What is needed - Output, exactly as written, the lines below starting at the line containing "대표적인 예로 9호선" and ending at the line containing "Illustrious: best quality, amazing". Drop the pictures and keep both end lines.

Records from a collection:
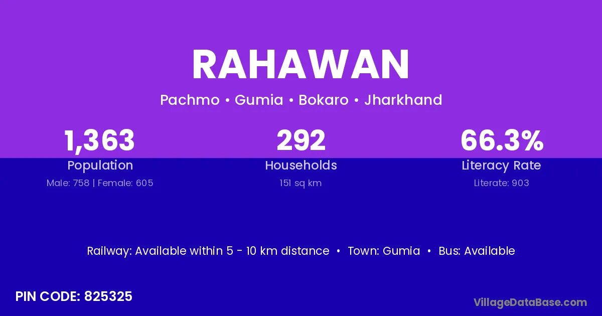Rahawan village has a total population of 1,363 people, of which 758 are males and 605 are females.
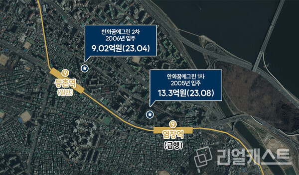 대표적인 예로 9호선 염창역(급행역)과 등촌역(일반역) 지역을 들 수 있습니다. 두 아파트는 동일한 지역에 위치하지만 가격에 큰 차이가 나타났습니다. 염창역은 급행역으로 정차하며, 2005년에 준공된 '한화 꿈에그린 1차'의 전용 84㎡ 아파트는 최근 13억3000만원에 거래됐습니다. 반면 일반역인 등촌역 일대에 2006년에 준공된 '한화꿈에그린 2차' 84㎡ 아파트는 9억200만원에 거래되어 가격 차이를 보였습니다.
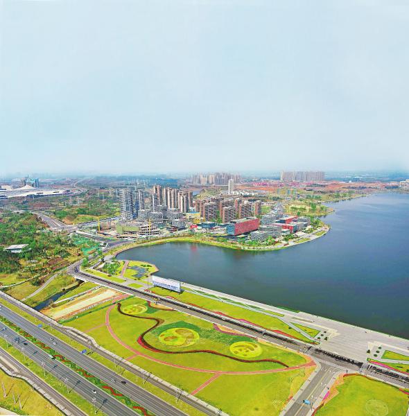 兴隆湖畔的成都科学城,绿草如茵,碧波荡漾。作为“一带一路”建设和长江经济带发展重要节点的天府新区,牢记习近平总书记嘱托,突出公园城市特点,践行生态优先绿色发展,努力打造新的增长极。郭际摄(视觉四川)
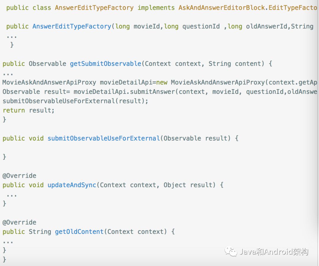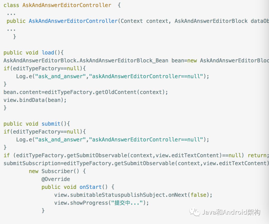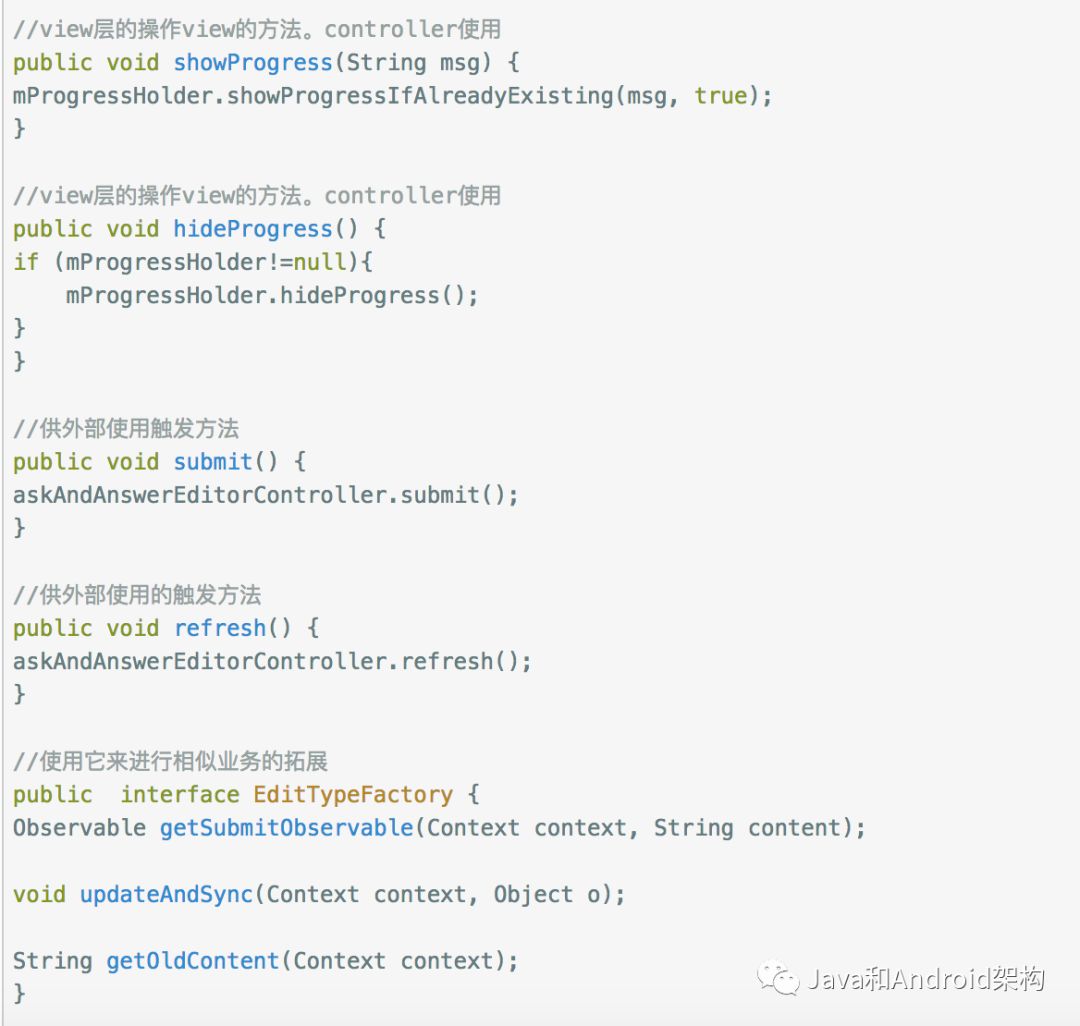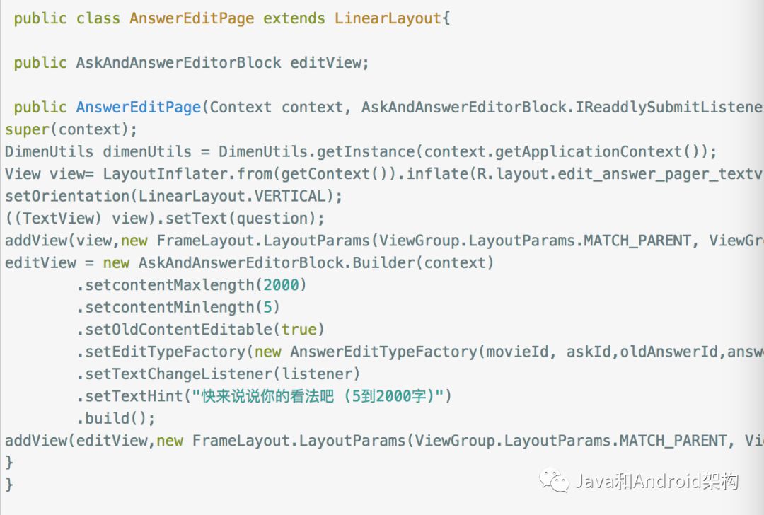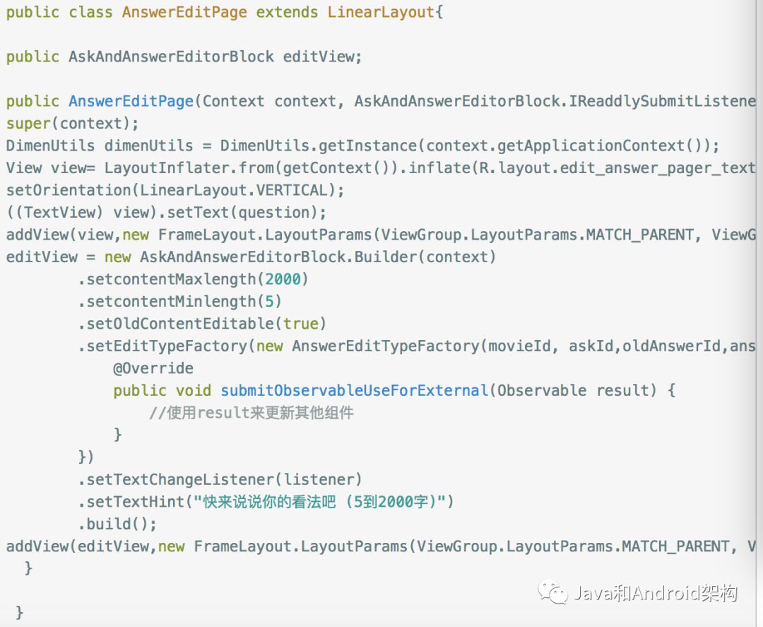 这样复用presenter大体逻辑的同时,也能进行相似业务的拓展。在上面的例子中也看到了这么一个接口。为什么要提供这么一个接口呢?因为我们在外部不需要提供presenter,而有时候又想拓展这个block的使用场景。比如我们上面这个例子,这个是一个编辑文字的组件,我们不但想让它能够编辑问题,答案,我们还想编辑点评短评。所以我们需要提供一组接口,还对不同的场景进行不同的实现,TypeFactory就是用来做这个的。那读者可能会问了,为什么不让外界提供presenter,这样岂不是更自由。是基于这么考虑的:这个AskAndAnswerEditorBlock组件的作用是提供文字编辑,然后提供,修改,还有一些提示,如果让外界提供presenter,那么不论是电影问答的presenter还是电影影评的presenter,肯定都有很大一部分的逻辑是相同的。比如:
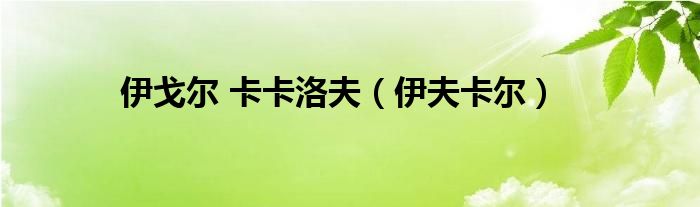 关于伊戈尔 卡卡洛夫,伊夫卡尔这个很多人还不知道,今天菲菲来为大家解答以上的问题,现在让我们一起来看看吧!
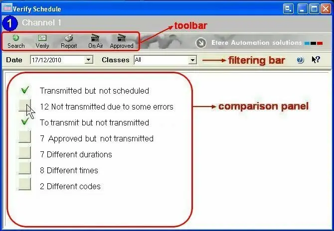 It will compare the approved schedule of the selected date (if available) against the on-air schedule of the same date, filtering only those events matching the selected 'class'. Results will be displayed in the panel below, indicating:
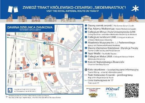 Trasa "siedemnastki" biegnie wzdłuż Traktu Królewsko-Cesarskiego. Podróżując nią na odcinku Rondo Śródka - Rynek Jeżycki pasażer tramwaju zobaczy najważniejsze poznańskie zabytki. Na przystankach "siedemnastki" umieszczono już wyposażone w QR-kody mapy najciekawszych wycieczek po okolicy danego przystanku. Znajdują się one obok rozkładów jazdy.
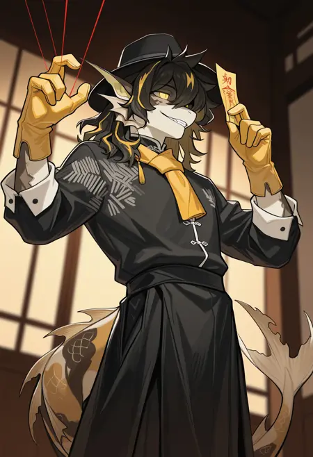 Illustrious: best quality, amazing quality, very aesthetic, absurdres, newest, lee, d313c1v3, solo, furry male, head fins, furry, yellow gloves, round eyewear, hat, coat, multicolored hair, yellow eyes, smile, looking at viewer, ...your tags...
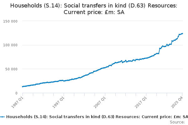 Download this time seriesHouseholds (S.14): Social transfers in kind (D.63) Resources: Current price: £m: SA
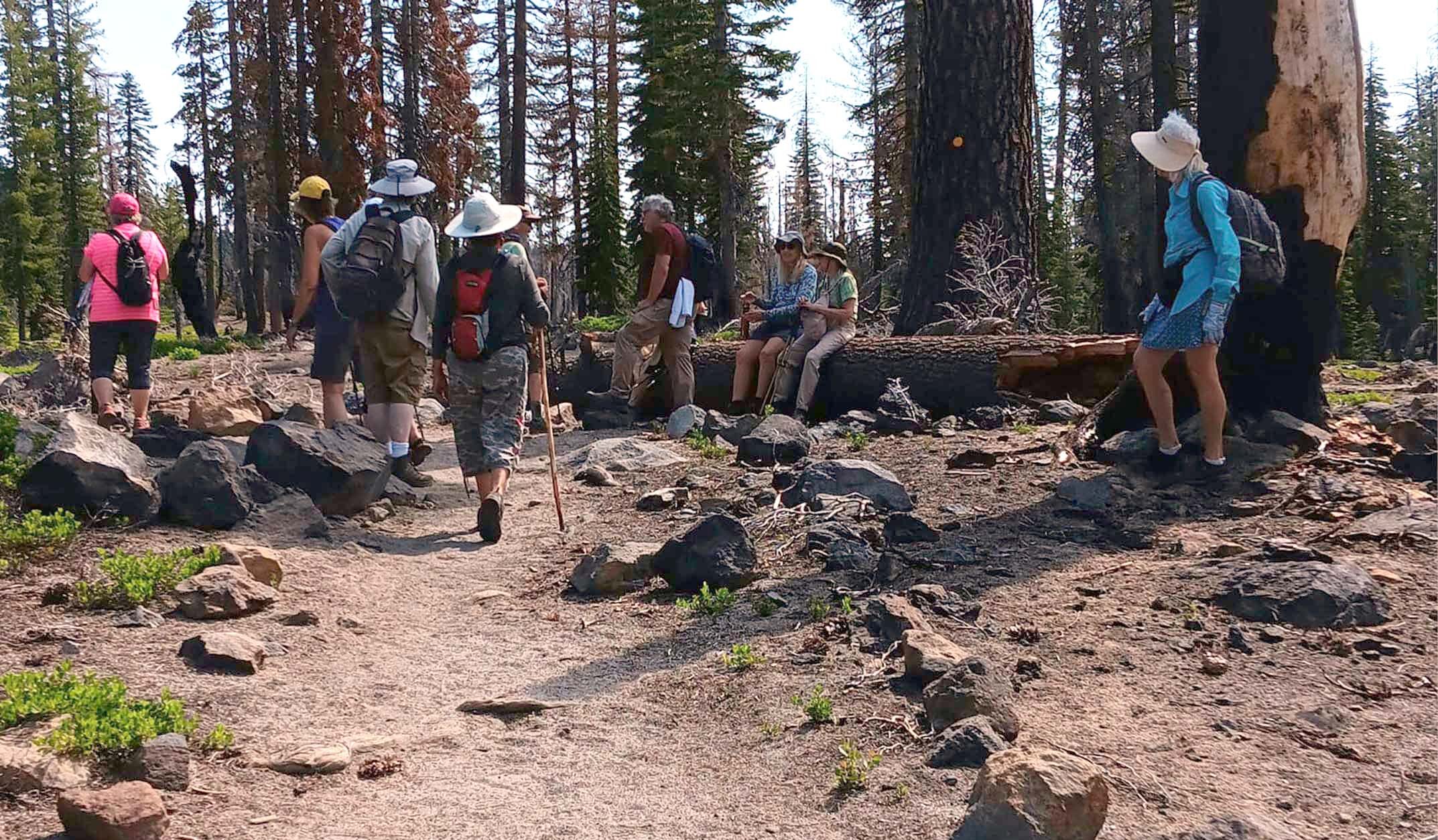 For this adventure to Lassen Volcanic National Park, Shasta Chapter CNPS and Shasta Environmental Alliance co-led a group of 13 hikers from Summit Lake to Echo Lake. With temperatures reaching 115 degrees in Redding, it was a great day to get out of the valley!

Solution for this problem -
 대표적인 예로 9호선 염창역(급행역)과 등촌역(일반역) 지역을 들 수 있습니다. 두 아파트는 동일한 지역에 위치하지만 가격에 큰 차이가 나타났습니다. 염창역은 급행역으로 정차하며, 2005년에 준공된 '한화 꿈에그린 1차'의 전용 84㎡ 아파트는 최근 13억3000만원에 거래됐습니다. 반면 일반역인 등촌역 일대에 2006년에 준공된 '한화꿈에그린 2차' 84㎡ 아파트는 9억200만원에 거래되어 가격 차이를 보였습니다.
 兴隆湖畔的成都科学城,绿草如茵,碧波荡漾。作为“一带一路”建设和长江经济带发展重要节点的天府新区,牢记习近平总书记嘱托,突出公园城市特点,践行生态优先绿色发展,努力打造新的增长极。郭际摄(视觉四川)
 这样复用presenter大体逻辑的同时,也能进行相似业务的拓展。在上面的例子中也看到了这么一个接口。为什么要提供这么一个接口呢?因为我们在外部不需要提供presenter,而有时候又想拓展这个block的使用场景。比如我们上面这个例子,这个是一个编辑文字的组件,我们不但想让它能够编辑问题,答案,我们还想编辑点评短评。所以我们需要提供一组接口,还对不同的场景进行不同的实现,TypeFactory就是用来做这个的。那读者可能会问了,为什么不让外界提供presenter,这样岂不是更自由。是基于这么考虑的:这个AskAndAnswerEditorBlock组件的作用是提供文字编辑,然后提供,修改,还有一些提示,如果让外界提供presenter,那么不论是电影问答的presenter还是电影影评的presenter,肯定都有很大一部分的逻辑是相同的。比如:
 关于伊戈尔 卡卡洛夫,伊夫卡尔这个很多人还不知道,今天菲菲来为大家解答以上的问题,现在让我们一起来看看吧!
 It will compare the approved schedule of the selected date (if available) against the on-air schedule of the same date, filtering only those events matching the selected 'class'. Results will be displayed in the panel below, indicating:
 Trasa "siedemnastki" biegnie wzdłuż Traktu Królewsko-Cesarskiego. Podróżując nią na odcinku Rondo Śródka - Rynek Jeżycki pasażer tramwaju zobaczy najważniejsze poznańskie zabytki. Na przystankach "siedemnastki" umieszczono już wyposażone w QR-kody mapy najciekawszych wycieczek po okolicy danego przystanku. Znajdują się one obok rozkładów jazdy.
 Illustrious: best quality, amazing quality, very aesthetic, absurdres, newest, lee, d313c1v3, solo, furry male, head fins, furry, yellow gloves, round eyewear, hat, coat, multicolored hair, yellow eyes, smile, looking at viewer, ...your tags...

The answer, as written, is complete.